--- Dataset excerpt Enclosed Below ---
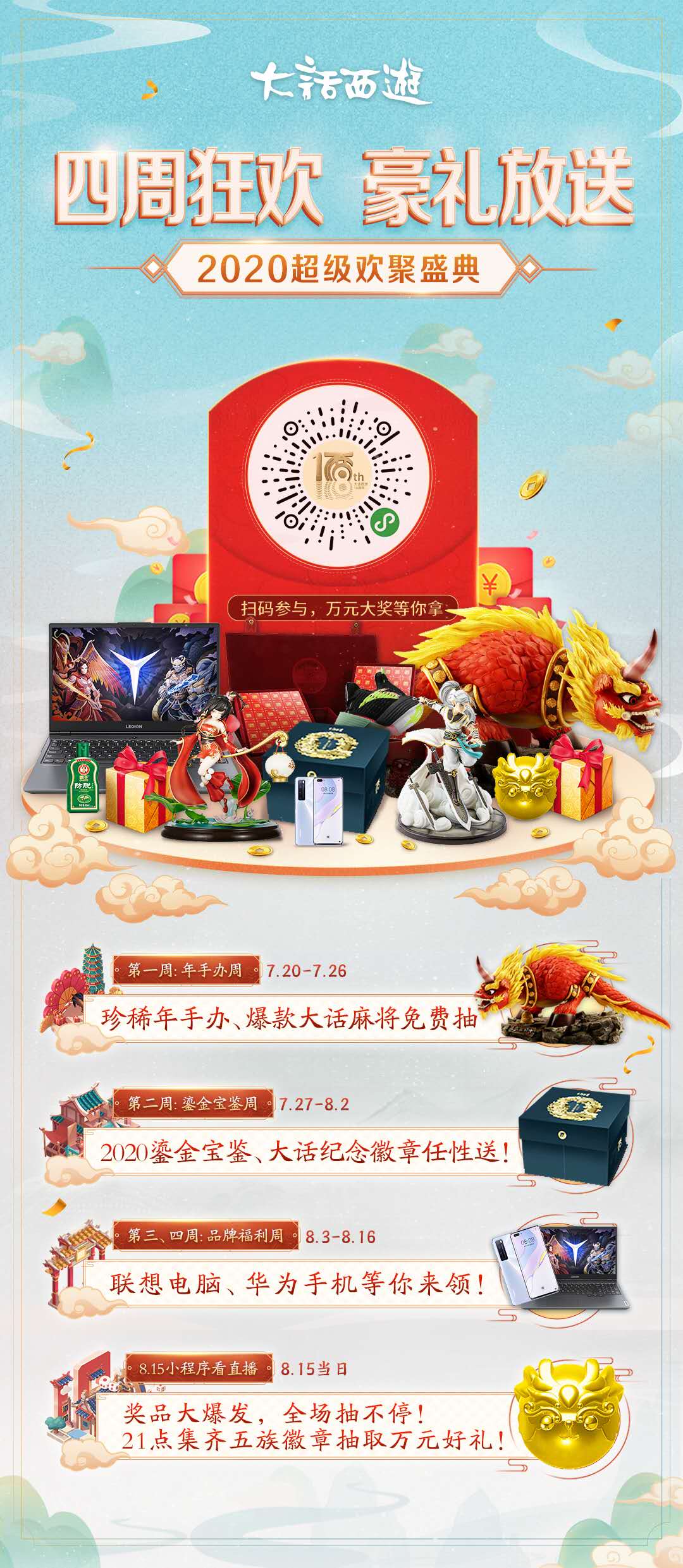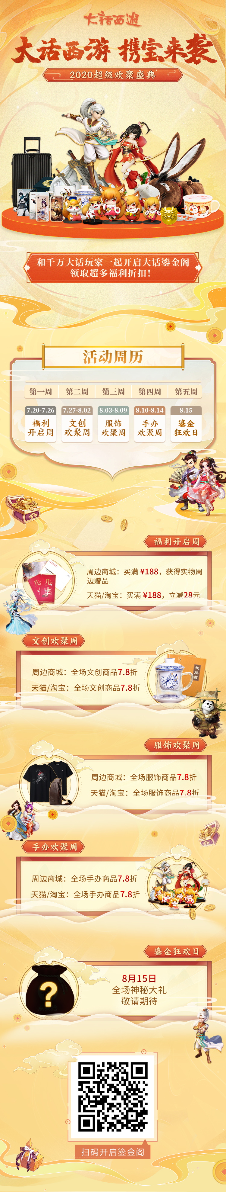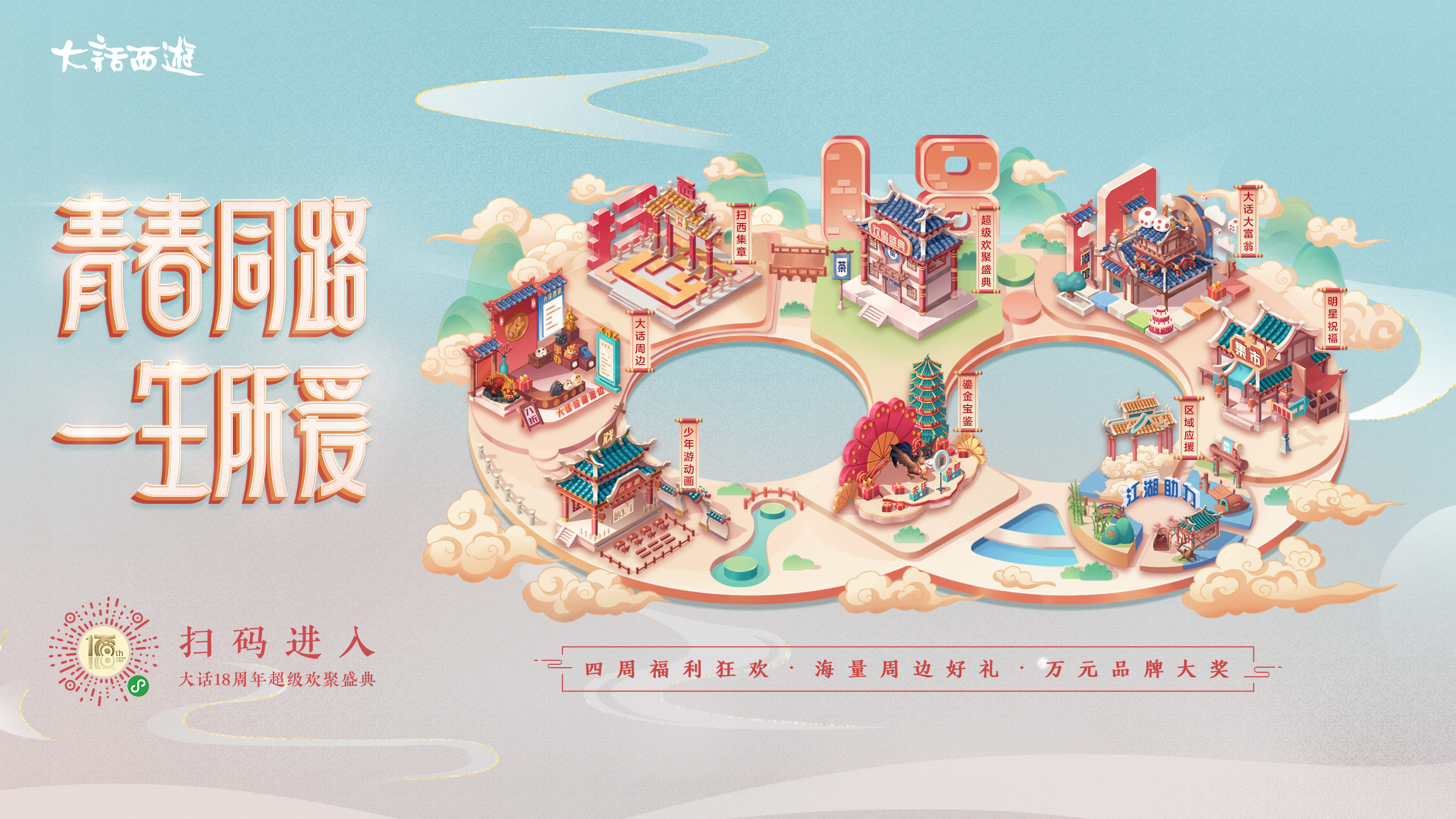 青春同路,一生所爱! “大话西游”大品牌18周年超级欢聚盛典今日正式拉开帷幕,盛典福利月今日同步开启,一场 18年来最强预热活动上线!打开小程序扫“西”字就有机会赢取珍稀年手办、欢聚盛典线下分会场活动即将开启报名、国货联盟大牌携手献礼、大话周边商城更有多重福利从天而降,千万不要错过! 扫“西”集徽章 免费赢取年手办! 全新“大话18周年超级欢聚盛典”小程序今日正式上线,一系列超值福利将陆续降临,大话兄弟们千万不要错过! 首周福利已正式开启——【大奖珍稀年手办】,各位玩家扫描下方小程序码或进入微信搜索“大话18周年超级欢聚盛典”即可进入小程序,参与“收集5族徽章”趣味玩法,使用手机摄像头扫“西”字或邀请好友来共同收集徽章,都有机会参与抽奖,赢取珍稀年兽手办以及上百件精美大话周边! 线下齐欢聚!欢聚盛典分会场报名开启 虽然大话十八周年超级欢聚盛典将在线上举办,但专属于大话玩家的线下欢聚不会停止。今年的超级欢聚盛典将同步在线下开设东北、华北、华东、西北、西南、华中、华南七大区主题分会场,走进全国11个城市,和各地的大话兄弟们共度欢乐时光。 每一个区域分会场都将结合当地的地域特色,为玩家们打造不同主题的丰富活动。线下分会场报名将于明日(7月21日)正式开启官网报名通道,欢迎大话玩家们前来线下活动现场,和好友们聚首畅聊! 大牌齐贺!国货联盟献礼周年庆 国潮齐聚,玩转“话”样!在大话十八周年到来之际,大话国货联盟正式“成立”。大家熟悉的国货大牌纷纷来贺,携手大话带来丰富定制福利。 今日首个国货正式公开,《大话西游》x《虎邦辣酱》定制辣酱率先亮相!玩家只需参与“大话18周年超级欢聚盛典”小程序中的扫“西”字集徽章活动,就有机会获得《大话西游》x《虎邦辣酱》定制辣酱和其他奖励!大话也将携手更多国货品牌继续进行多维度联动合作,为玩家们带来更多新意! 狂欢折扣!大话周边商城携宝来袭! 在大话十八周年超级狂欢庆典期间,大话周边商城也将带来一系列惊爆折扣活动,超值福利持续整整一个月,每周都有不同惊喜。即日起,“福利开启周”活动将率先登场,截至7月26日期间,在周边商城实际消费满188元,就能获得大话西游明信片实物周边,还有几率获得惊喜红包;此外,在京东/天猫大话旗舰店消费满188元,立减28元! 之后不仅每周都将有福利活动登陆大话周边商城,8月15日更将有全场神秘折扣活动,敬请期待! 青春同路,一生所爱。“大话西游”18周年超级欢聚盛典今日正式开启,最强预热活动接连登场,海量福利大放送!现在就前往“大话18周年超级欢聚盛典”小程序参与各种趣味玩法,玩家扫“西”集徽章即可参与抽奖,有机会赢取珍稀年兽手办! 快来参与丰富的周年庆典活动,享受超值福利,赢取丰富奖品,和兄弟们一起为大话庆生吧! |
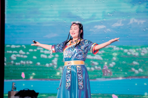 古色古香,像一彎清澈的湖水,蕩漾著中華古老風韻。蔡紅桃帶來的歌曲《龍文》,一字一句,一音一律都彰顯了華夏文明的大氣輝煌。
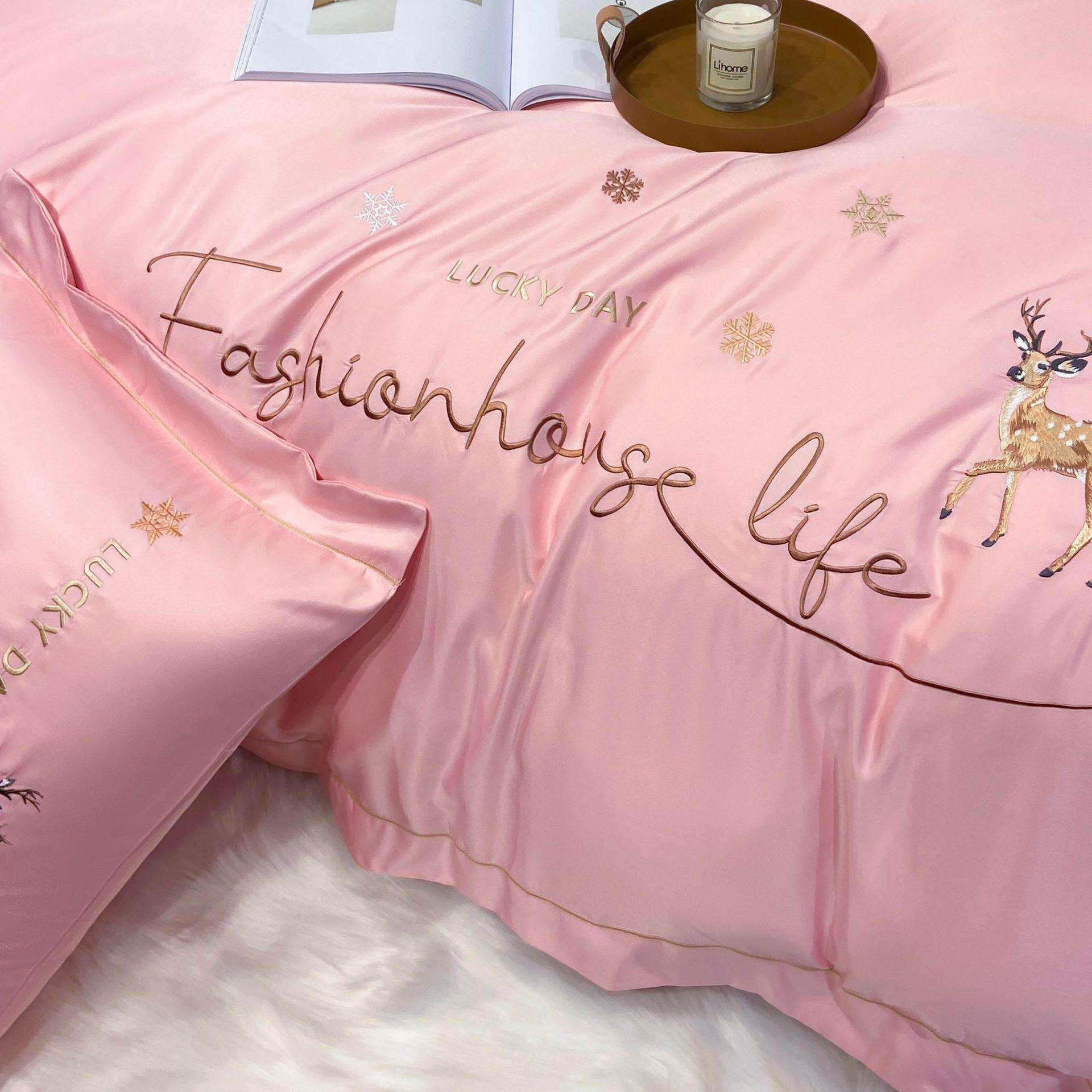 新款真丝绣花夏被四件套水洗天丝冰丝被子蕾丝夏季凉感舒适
--- End of Enclosed Dataset excerpt ---
Work to be completed >>
Leaving every picture out, write out exactly the lines from the one that holds "古色古香,像一彎清澈的湖水,蕩漾著中華古" through the end of the listing, both included.

Task solution >>
 古色古香,像一彎清澈的湖水,蕩漾著中華古老風韻。蔡紅桃帶來的歌曲《龍文》,一字一句,一音一律都彰顯了華夏文明的大氣輝煌。
 新款真丝绣花夏被四件套水洗天丝冰丝被子蕾丝夏季凉感舒适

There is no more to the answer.